_EXERCISE OBJECTIVE_
Return the lines of the data below starting at the one holding "Feathers, Flowers &" and ending at the one holding "11月14日,贵州省环境科学", word for word, leaving every picture out.

_INPUT_
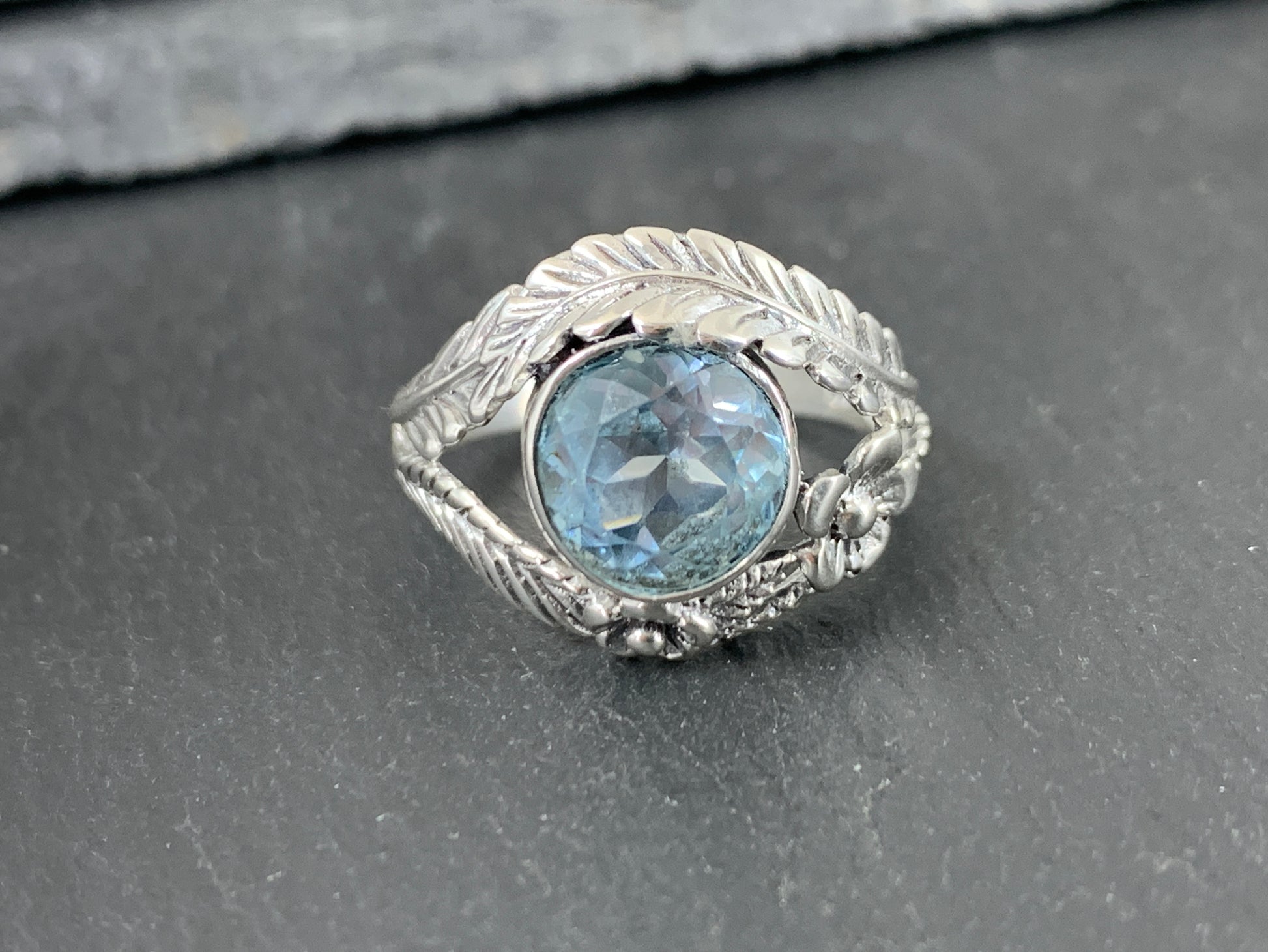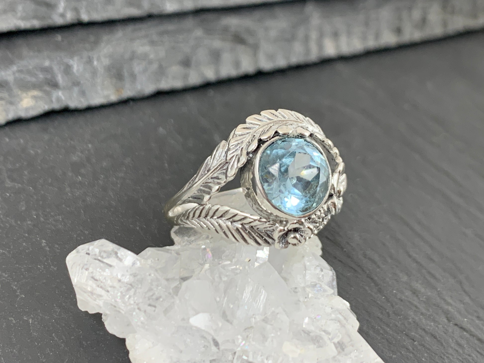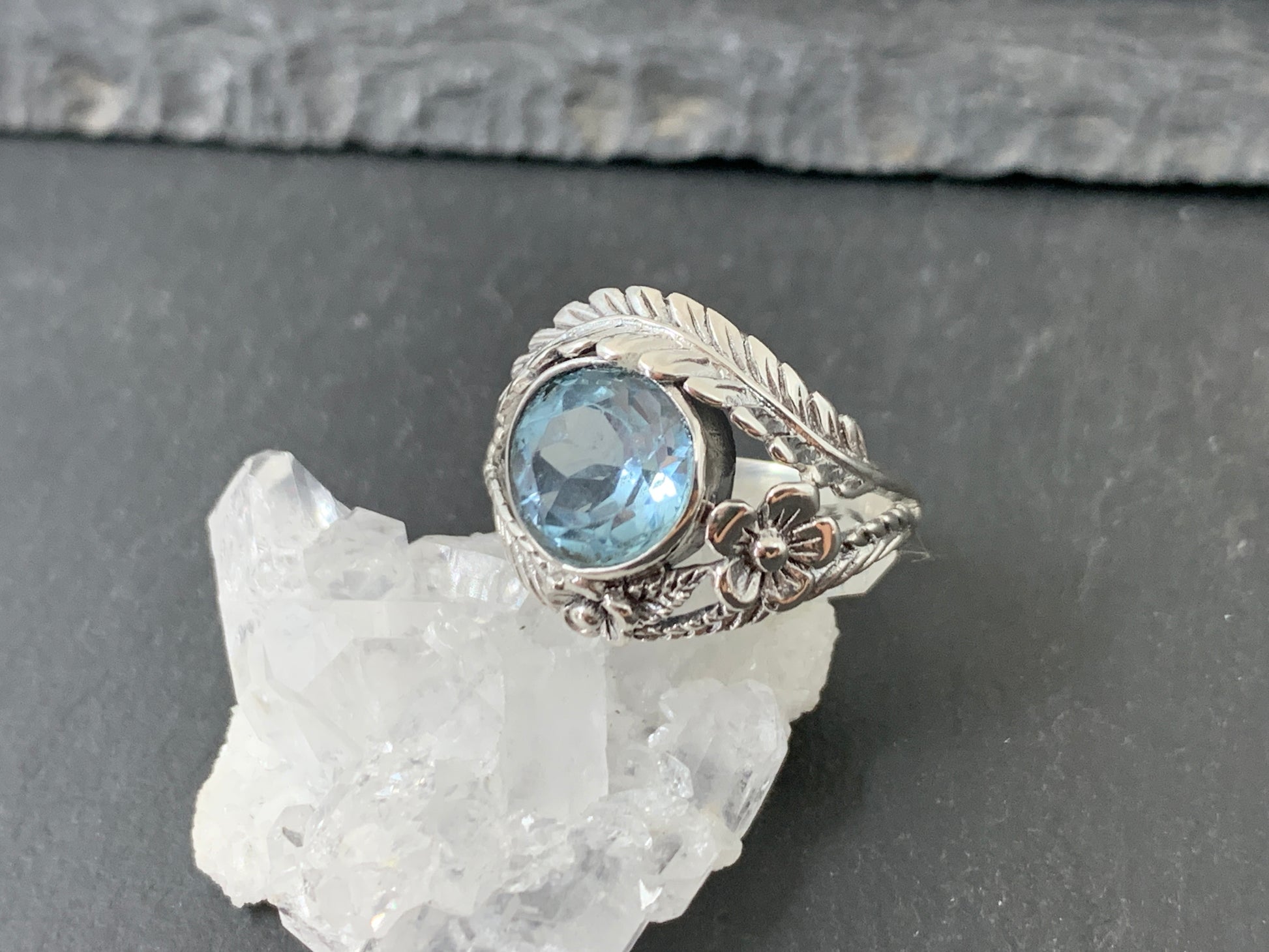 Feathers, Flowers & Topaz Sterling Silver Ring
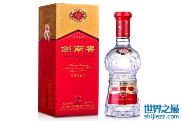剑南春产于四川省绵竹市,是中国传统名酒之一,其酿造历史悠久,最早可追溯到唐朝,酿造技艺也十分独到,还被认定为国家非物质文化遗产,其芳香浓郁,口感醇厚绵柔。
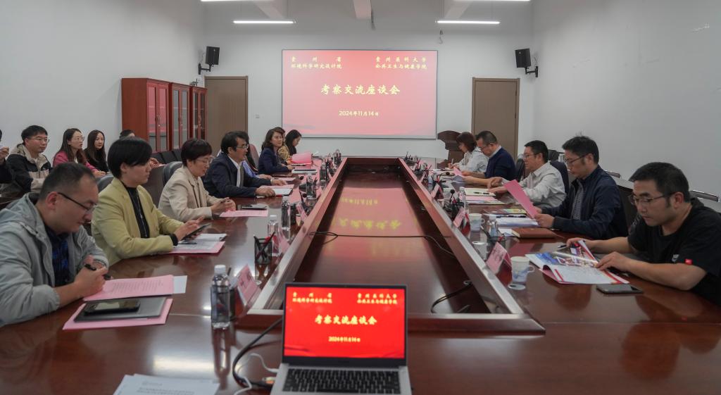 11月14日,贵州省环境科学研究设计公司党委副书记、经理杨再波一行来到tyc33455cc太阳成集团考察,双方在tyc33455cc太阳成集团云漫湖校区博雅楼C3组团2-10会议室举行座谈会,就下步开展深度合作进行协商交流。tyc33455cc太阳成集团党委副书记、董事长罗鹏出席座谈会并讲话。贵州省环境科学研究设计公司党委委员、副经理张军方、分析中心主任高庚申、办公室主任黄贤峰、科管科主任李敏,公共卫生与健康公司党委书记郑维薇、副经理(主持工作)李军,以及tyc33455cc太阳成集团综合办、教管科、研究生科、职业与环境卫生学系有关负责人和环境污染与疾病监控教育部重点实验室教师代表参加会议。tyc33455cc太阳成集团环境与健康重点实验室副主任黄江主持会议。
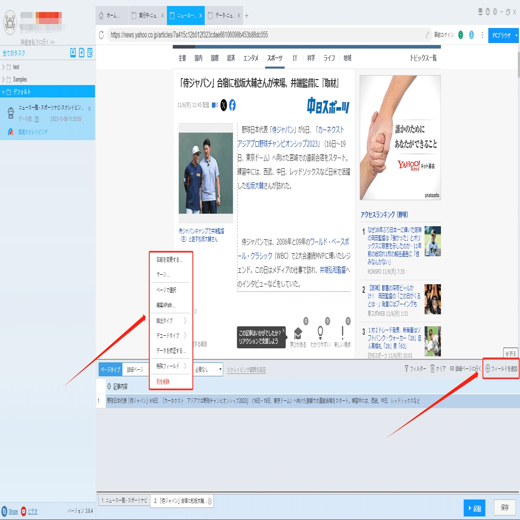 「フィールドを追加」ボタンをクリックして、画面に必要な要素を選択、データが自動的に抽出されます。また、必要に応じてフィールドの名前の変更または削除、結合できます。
...
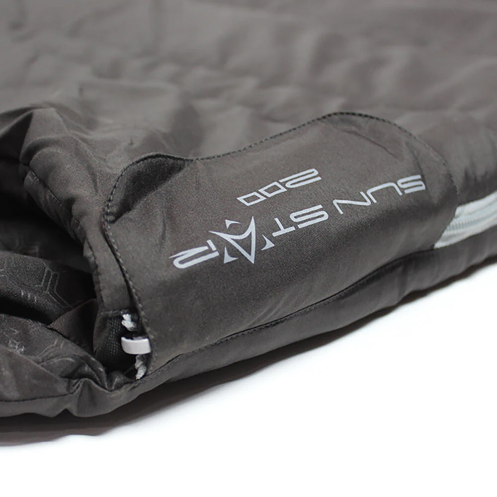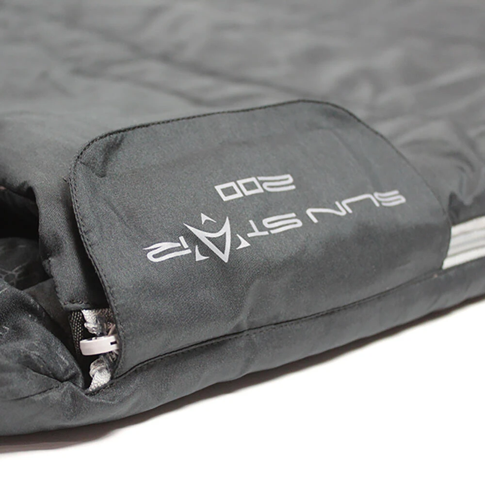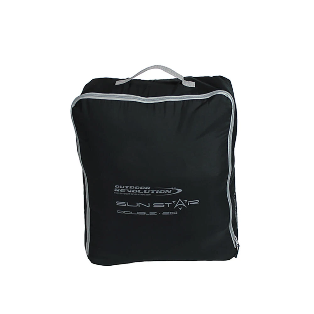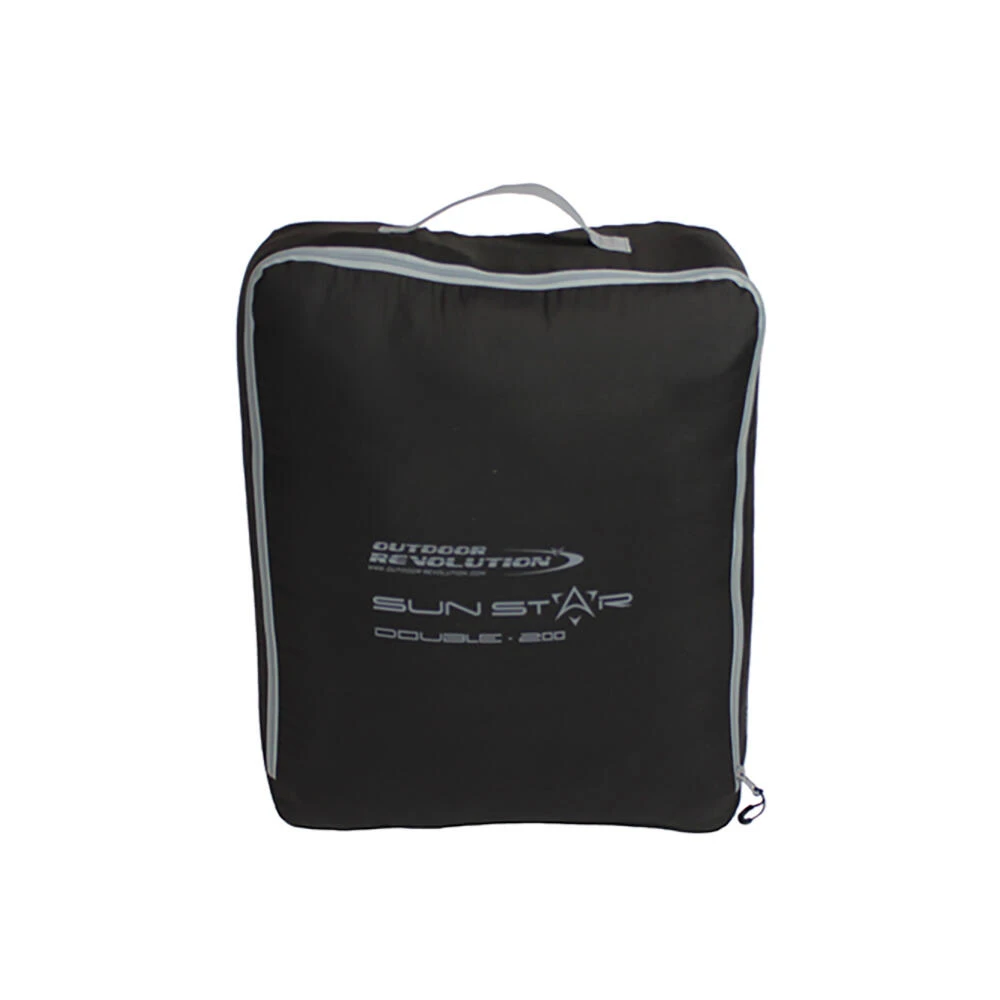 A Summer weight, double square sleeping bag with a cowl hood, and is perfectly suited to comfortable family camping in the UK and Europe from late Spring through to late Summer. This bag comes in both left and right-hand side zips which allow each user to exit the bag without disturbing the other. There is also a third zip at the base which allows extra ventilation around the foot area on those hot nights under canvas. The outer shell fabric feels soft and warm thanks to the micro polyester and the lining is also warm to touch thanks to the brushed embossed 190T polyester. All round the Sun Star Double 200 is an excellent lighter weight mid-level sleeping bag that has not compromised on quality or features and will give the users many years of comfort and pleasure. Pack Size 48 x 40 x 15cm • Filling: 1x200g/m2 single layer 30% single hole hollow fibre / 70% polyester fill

_WRITTEN ANSWER_
 Feathers, Flowers & Topaz Sterling Silver Ring
剑南春产于四川省绵竹市,是中国传统名酒之一,其酿造历史悠久,最早可追溯到唐朝,酿造技艺也十分独到,还被认定为国家非物质文化遗产,其芳香浓郁,口感醇厚绵柔。
 11月14日,贵州省环境科学研究设计公司党委副书记、经理杨再波一行来到tyc33455cc太阳成集团考察,双方在tyc33455cc太阳成集团云漫湖校区博雅楼C3组团2-10会议室举行座谈会,就下步开展深度合作进行协商交流。tyc33455cc太阳成集团党委副书记、董事长罗鹏出席座谈会并讲话。贵州省环境科学研究设计公司党委委员、副经理张军方、分析中心主任高庚申、办公室主任黄贤峰、科管科主任李敏,公共卫生与健康公司党委书记郑维薇、副经理(主持工作)李军,以及tyc33455cc太阳成集团综合办、教管科、研究生科、职业与环境卫生学系有关负责人和环境污染与疾病监控教育部重点实验室教师代表参加会议。tyc33455cc太阳成集团环境与健康重点实验室副主任黄江主持会议。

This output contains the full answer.